**DATA SECTION:**
━━━━━━
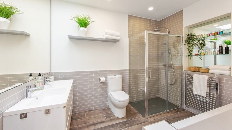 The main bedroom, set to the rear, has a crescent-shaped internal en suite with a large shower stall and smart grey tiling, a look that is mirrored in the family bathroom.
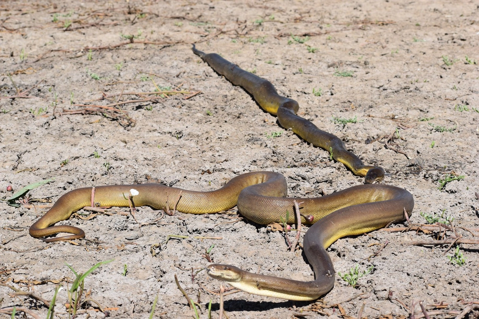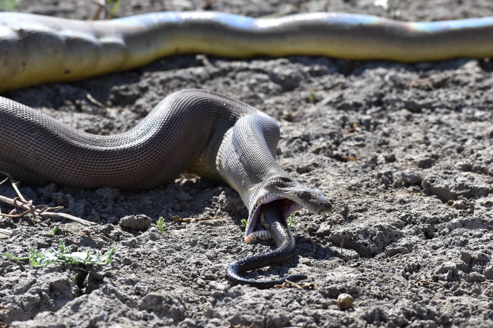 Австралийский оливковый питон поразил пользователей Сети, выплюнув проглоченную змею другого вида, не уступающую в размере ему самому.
━━━━━━
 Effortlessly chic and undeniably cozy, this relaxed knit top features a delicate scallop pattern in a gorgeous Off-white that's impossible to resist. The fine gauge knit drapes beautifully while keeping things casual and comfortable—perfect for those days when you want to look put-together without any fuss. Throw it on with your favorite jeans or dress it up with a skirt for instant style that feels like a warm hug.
━━━━━━
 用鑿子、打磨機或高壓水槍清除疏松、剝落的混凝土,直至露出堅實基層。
━━━━━━
**PROBLEM REQUIREMENTS:** From the material above, give again exactly the lines from the one that contains "The main bedroom, set" through the one that contains "Австралийский оливковый питон", and leave out the pictures.

**RESPONSE TO THE EXERCISE:**
 The main bedroom, set to the rear, has a crescent-shaped internal en suite with a large shower stall and smart grey tiling, a look that is mirrored in the family bathroom.
 Австралийский оливковый питон поразил пользователей Сети, выплюнув проглоченную змею другого вида, не уступающую в размере ему самому.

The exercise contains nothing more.